Fiável análise bioinformática é o que transforma leituras de sequenciamento PhIP-Seq brutas em perfis imunes interpretáveis. O nosso pipeline padrão fornece o seguinte para cada projeto:

QC de Dados Brutos: Métricas do FastQC em ficheiros FASTQ brutos; confirmação da profundidade de leitura por amostra; avaliação da representação da biblioteca.
Alinhamento e Quantificação: Leituras alinhadas à referência da biblioteca de fago; matrizes de contagem bruta geradas por peptídeo por amostra.
Normalização: Contagens normalizadas para a composição da biblioteca e profundidade de sequenciação; representação da biblioteca de entrada utilizada como referência.
Chamadas de Enriquecimento: Identificação estatística de peptídeos enriquecidos em relação a controlos negativos de mock-IP; suporte para estruturas baseadas em Z-score e Bayesian (BEER).
Anotação de Impacto: Peptídeos enriquecidos mapeados de volta para proteínas de origem; nomes de genes, IDs UniProt e anotações funcionais fornecidos.
Sumarização a Nível de Proteínas: Resultados a nível de peptídeos agrupados em pontuações de reatividade a nível de proteínas.
Visualização: Mapas de calor de enriquecimento de amostra × peptídeo, gráficos de vulcão e resumos de reatividade por proteína.
Análise Personalizada: A pedido: análise de seroprevalência a nível populacional, comparações de coorte (caso vs controlo), enriquecimento de vias e integração com conjuntos de dados multi-ómicos.

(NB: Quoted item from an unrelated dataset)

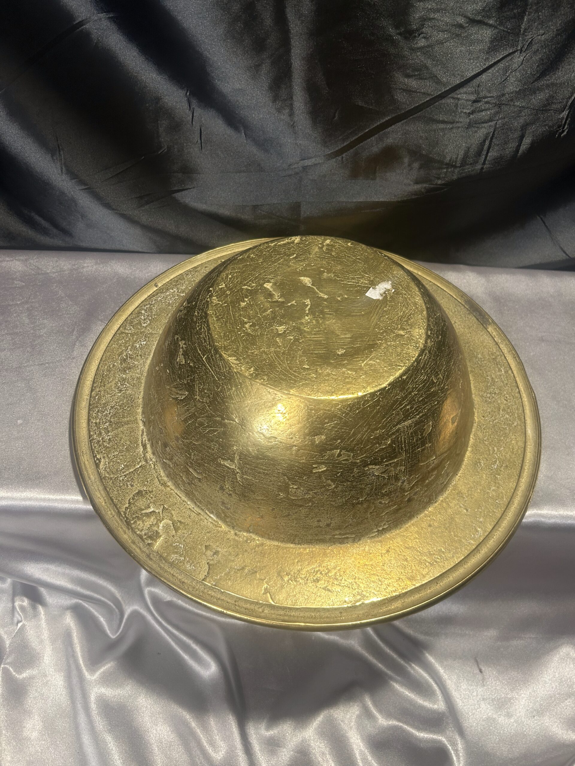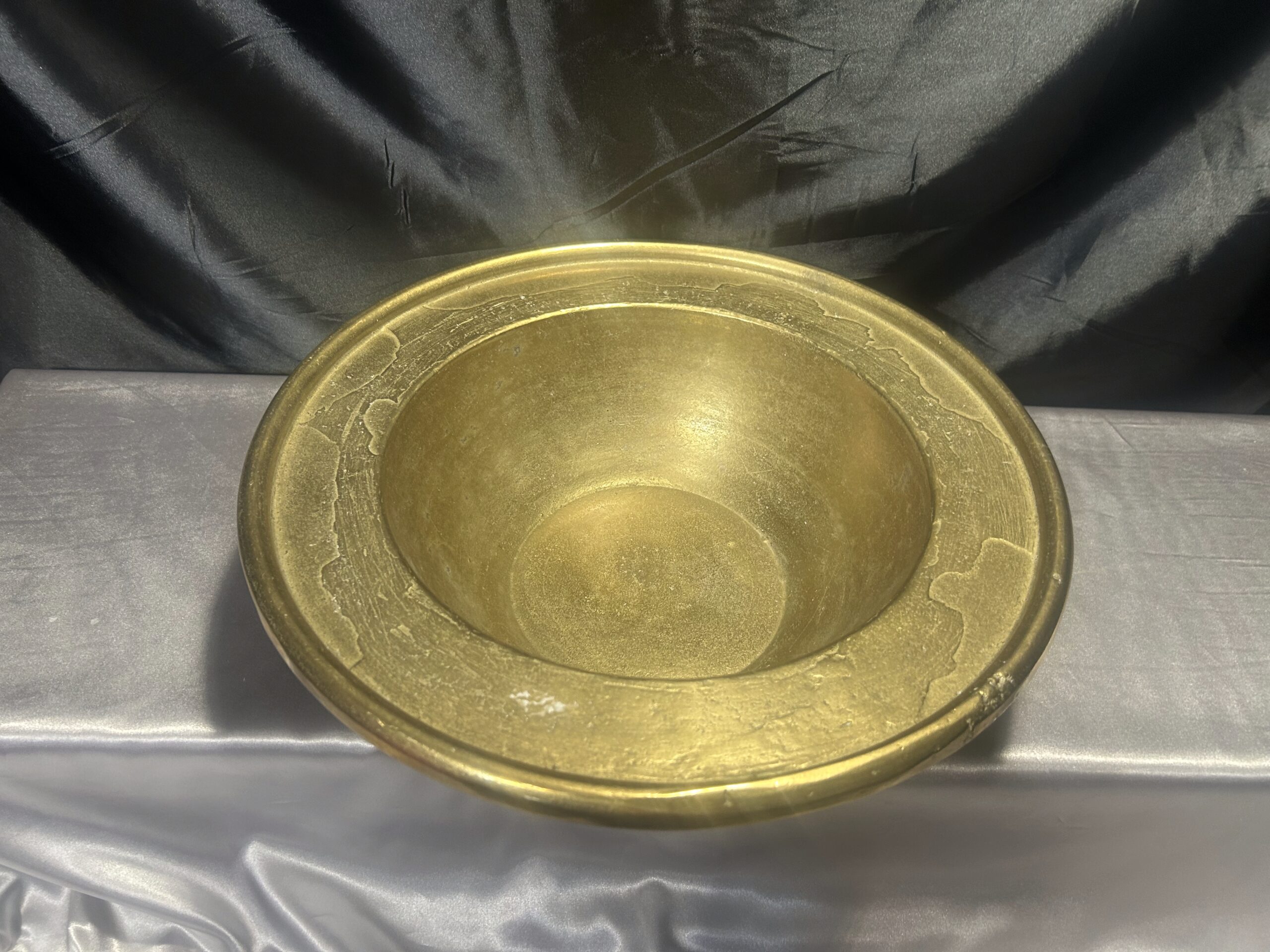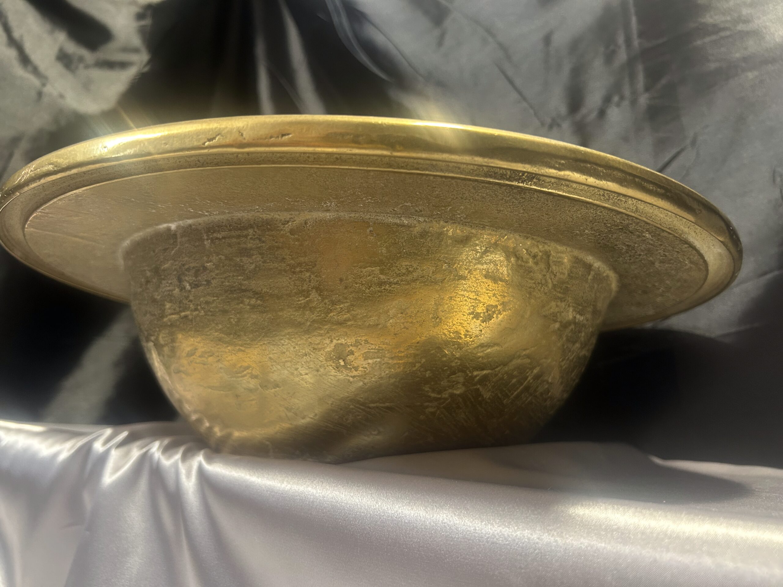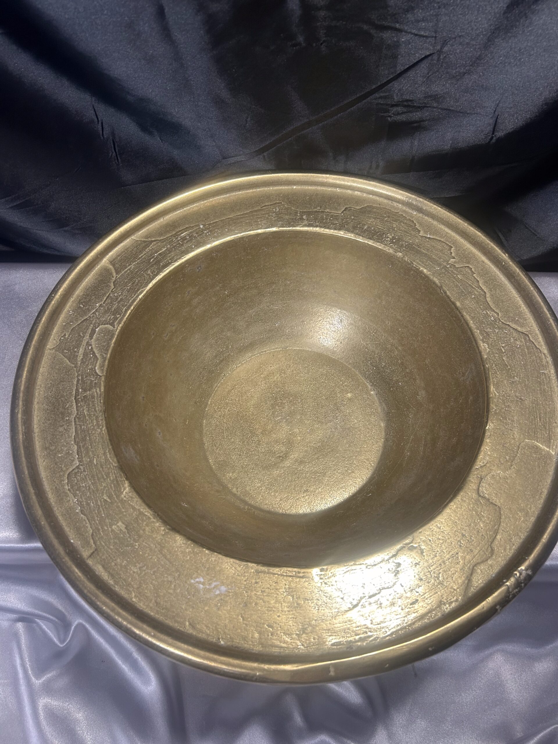 Niepowtarzalna i wyjątkowa misa patera wykonana z wysokiej jakości mosiądzu. Charakteryzuje się masywną konstrukcją (waga 5,8 kg), szerokim zdobionym rantem oraz głębokim, eleganckim kształtem. Idealna jako element dekoracyjny lub funkcjonalny do przechowywania.

Todos os entregáveis são fornecidos em formatos standard (CSV, TSV, relatório PDF). Os ficheiros FASTQ brutos estão incluídos. Os nossos cientistas estão disponíveis para apoio na interpretação de dados e publicação colaborativa.

PhIP-Seq enrichment fold-change scatter plot: enrichment score on x-axis vs −log10 p-value on y-axis, known positive controls labeled

Aplicações do PhIP-Seq

A amplitude da cobertura de peptídeos do PhIP-Seq torna-o aplicável a uma vasta gama de questões de investigação imunológica.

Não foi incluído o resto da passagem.